Middle-market businesses valuing continued autonomy, tax efficiency, and meaningful staff benefits have increasingly turned to leveraged ESOPs as shareholder liquidity strategies. Yet, many legal professionals have limited knowledge of employee ownership.
This CLE course is a must for trusted counsel and transaction-focused attorneys. Take a deep dive into employee ownership strategies with a pair of nationally recognized experts. Learn how ESOPs are formed, function, and fit in a company's strategic roadmap through case studies and statutory review.
Register now to take this Lawline CLE course for free.
Learn the legal concepts behind employee ownership.
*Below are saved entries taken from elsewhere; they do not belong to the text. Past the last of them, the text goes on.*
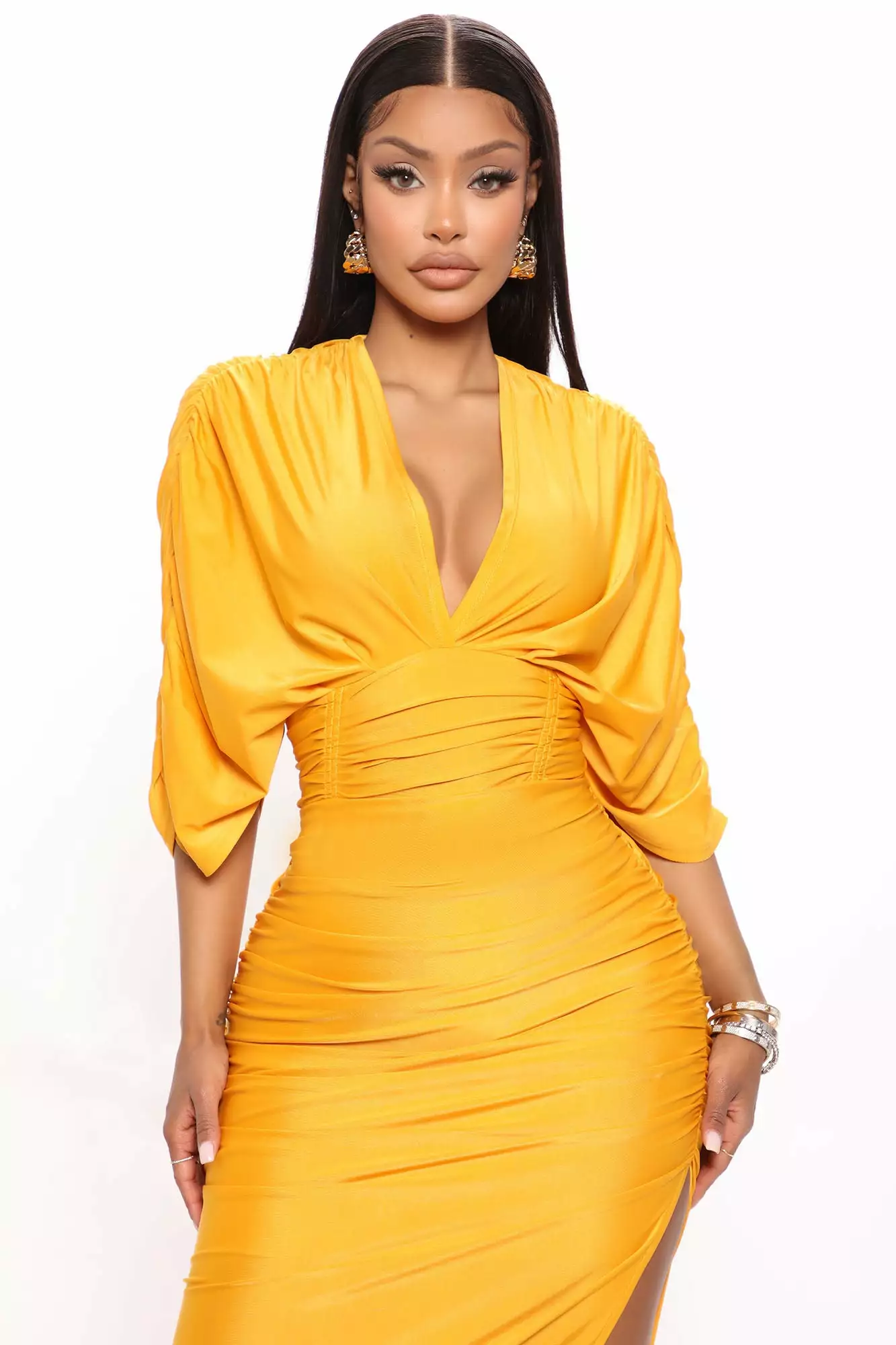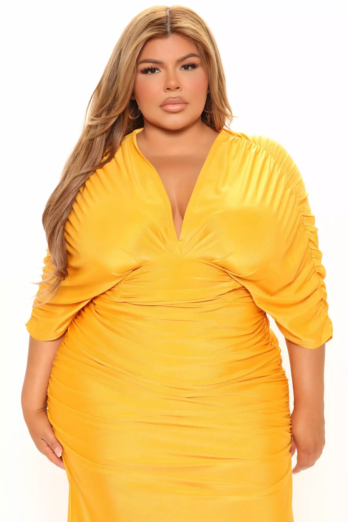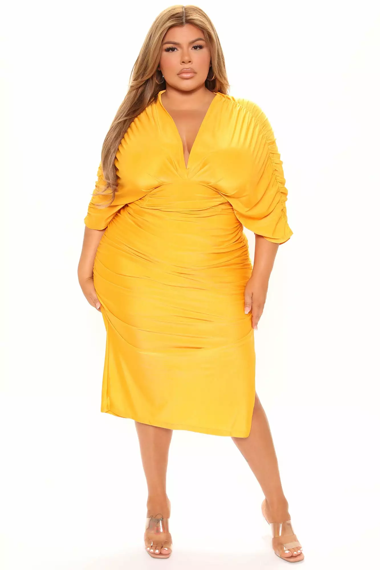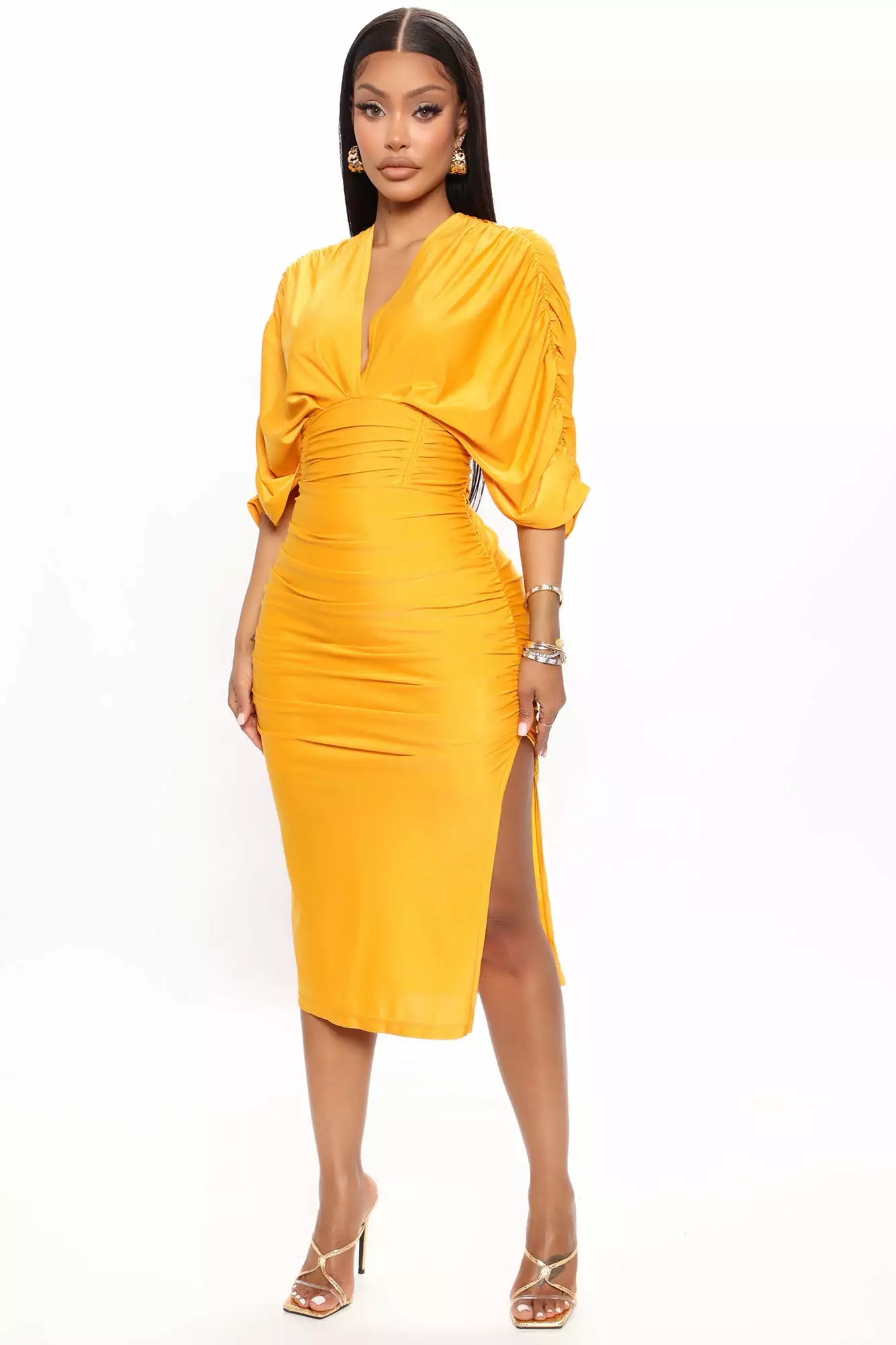 Fashion Nova Mandy Ruched Midi Dress – Mustard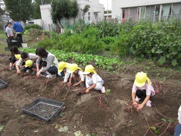 お芋を掘るときに、ミミズや幼虫などを発見して、喜んでいた子どもたちでした。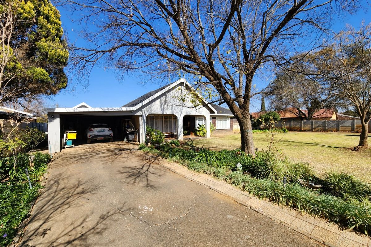 Family living on a leafy Meiringspark street in Klerksdorp, with a huge garden and borehole, open-plan living with TV braai room, four bedrooms, three bathrooms, tandem garage plus two-car carport.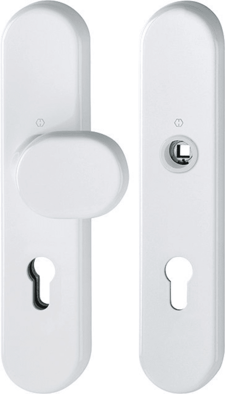 HOPPE Vollblatt Sicherheits-Wechselgarnitur 86G/3331/3310,Langschild,ES 1,ohne Zylinderabdeckung 72/8,DIN Links-Rechts,verkehrsweiß beschichtet,Türstärke37-47,gekröpft fest

Earn up to 1.5 pre-approved CLE credits and save $99 on this free Lawline.com course. Steve Berman and Polsinelli's Stanley Bulua lead this comprehensive webinar. M&A, tax, trust, estate, and business succession practitioners can benefit from this highly-rated course.
CLE Course Highlights
- Explains how leveraged ESOPs can be used as business transition and/or shareholder diversification strategies
- Reviews applicable statutory, regulatory, and fiduciary requirements, as well as relevant case law
- Examines the special tax rules and estate planning opportunities associated with ESOP transactions
- Shares commonly available transaction financing options
- Identifies instances in which an ESOP sale can serve as a viable M&A alternative
Why are leveraged ESOPs meaningful liquidity strategies?
An ESOP is a qualified, defined contribution employee benefit plan that invests primarily in the stock of a company. ESOP plans are "qualified" in that, in return for meeting certain rules designed to protect the interests of participants, plan sponsors receive substantial tax benefits.
Business owners can sell all or a portion of their business to an employee trust in a tax-advantaged transaction. ESOPs are permitted to borrow money from or on the credit of the employer to purchase stock from the selling shareholder.
Depending on the structure, an employee-owned company can become a nontaxable entity and access funds that would otherwise have been paid in taxes to amortize the debt used to finance the transaction. In addition to providing business owners a means to diversify their assets and gain liquidity, an ESOP is an employee benefit plan that allows a company to attract and retain key personnel.